On November 19, 2008, Milo and Razel declared MRC and Freaky Bean to be in default of their respective obligations on the notes and guaranty and made demand for payment in full. And shortly thereafter, they exercised their rights as a secured party and repossessed substantially all of their MRC collateral, virtually all of which had been the Maine Roasters assets sold by them to MRC. Attempting still to save its business, Freaky Bean required a cash infusion both to resolve its obligations under its guaranty to Milo and Razel and to other accounts payable, and to provide the working capital necessary to restructure a smaller, more profitable Freaky Bean.

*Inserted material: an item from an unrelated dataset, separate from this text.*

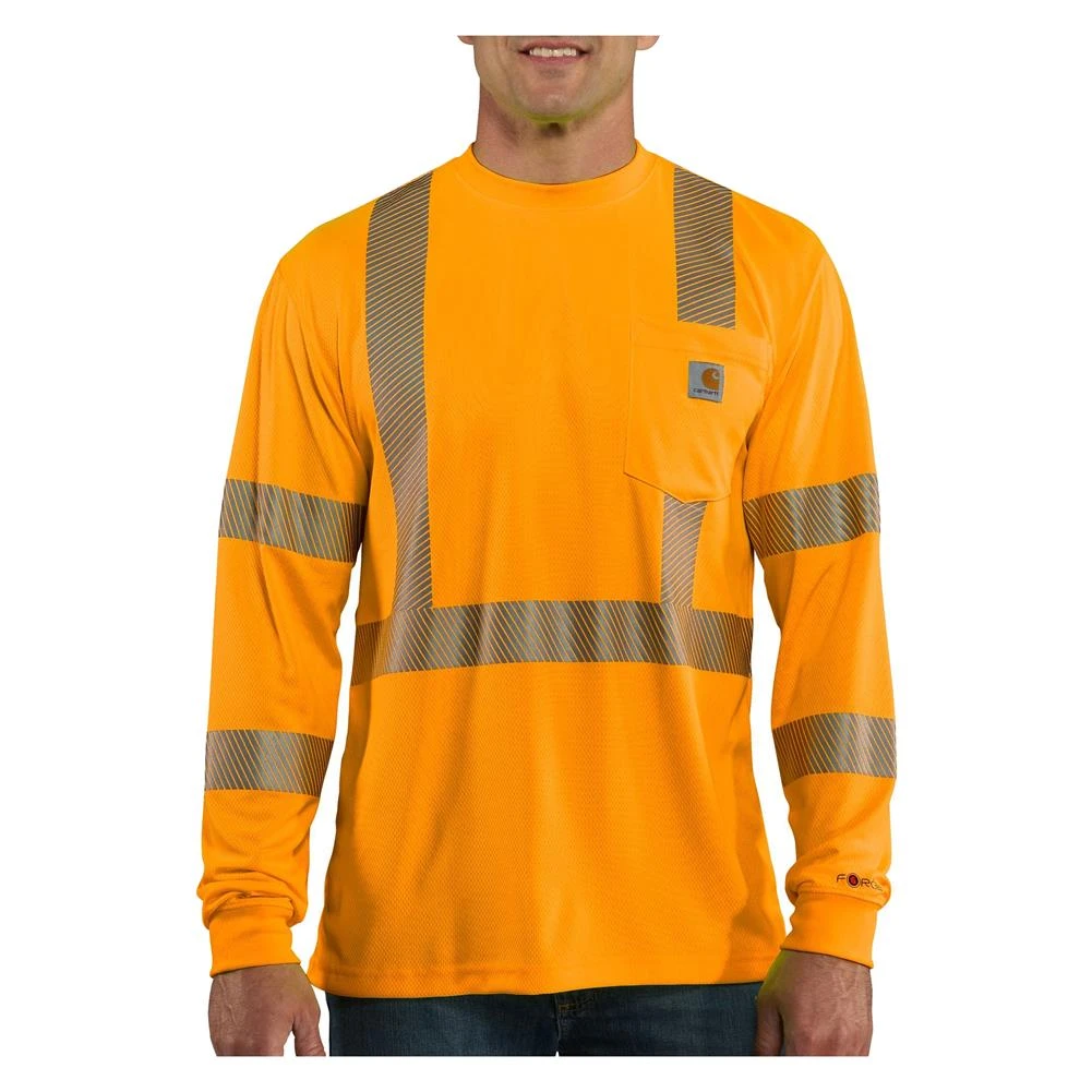 Stay visible with the Carhartt Force Hi-Vis Class 3 Long Sleeve T-Shirt. The lightweight and breathable 4.25 oz. knit polyester keeps you cool while the FastDry technology wicks away moisture and sweat so you can stay dry and focused on your day. Stain Breaker technology releases stains so you look good wash after wash. This shirt is equipped with 3M Scotchlite reflective stripes, which are ANSI Class 3, Level 2 compliant and will stand out to ensure you are seen. These stripes are made to bend and stretch with the fabric. The segmented trim # 5510 has also been shown to maintain performance through 75 home launderings. A tagless neck label and rib-knit cuffs allow you to focus on your work, and the long sleeve style adds protection while remaining cool and breathable even in warmer weather.

On December 3, 2008, Stratton, on behalf of MRC (as its president and manager) and Freaky Bean (together, the “Strat-ton Parties”), and Male, on behalf of Milo and Razel, entered into a Settlement Agreement, Waiver of Debtor’s Rights and Release of Secured Party (the “Settlement Agreement”). The Settlement Agreement [774]*774validated the repossession by Milo and Razel of the MRC assets and further provided that Milo and Razel would release the Stratton Parties from any remaining deficiency balance upon payment by MRC of:

(a) $10,101.92 to Milo, representing payments due under its note for September, October, and November 2008;
(b) $8,08L92 to Razel, representing payments due under its note for October and November 2008;
(c) $8,585.88, representing amounts due certain creditors of Maine Roasters which obligations MRC had assumed in November 2007; and
(d) $100,000 to Razel and Milo representing a partial (and now final) payment on the notes held by them.

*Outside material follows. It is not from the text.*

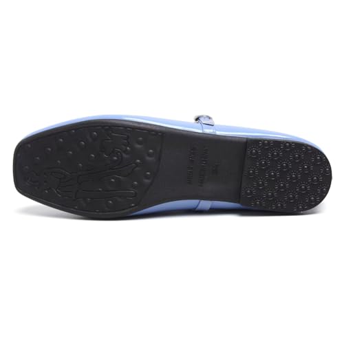 LUXINYU Women Mary Jane Flats Patent Leather Square Toe Adjustable Buckle Strap Ballet Party Dress Shoes 7

Thus, in addition to the turnover of its assets to Milo and Razel, MRC was required to make payments to Milo and Ra-zel totaling an additional $126,769.72. Of these payments, a total of $110,101.92 (items (a) and (d) above) was paid to Milo, and represents the payments that are the subject of this dispute.

C. Funding of the Settlement Agreement and Freaky Bean Working Capital

Stratton was unable to obtain a loan from local banks to fund the downsizing effort and to provide working capital for Freaky Bean. He therefore turned to two of the existing Freaky Bean shareholders, James Walsh and Barb Heyl, for assistance. Stratton’s plan was that Walsh, Heyl, and several others (all Freaky Bean shareholders) would form a new Maine corporation known as BeanCo. Then, Walsh and Heyl would each loan BeanCo $125,000.00, for a total of $250,000.00. Finally, BeanCo would make the $250,000 from Walsh and Heyl available to Freaky Bean pursuant to a Line of Credit Agreement between BeanCo and Freaky Bean. The foregoing loan structure was evidenced by contemporaneous promissory notes from BeanCo to Walsh and Heyl for $125,000.00 each and a $250,000.00 Line of Credit Promissory Note from Freaky Bean to BeanCo. Additionally, BeanCo executed security agreements in favor of Walsh and Heyl, pledging its assets as collateral.

Whether that plan was brilliant or flawed became moot, however, because the various parties became impatient and failed to act in accordance with the plan. Instead of waiting for BeanCo to be formed, have Walsh and Heyl write checks to BeanCo, and then have BeanCo write checks to various payees, Stratton simply instructed Walsh and Heyl to write checks to the parties he designated or obtained bank checks for that purpose. Accordingly,

(1) On November 26, 2008, Walsh provided a Bank of America check to Strat-ton in the amount of $60,000.00, representing a portion of his share of the loan proceeds. Walsh gave this check to Stratton with the “Pay to the Order of’ line blank.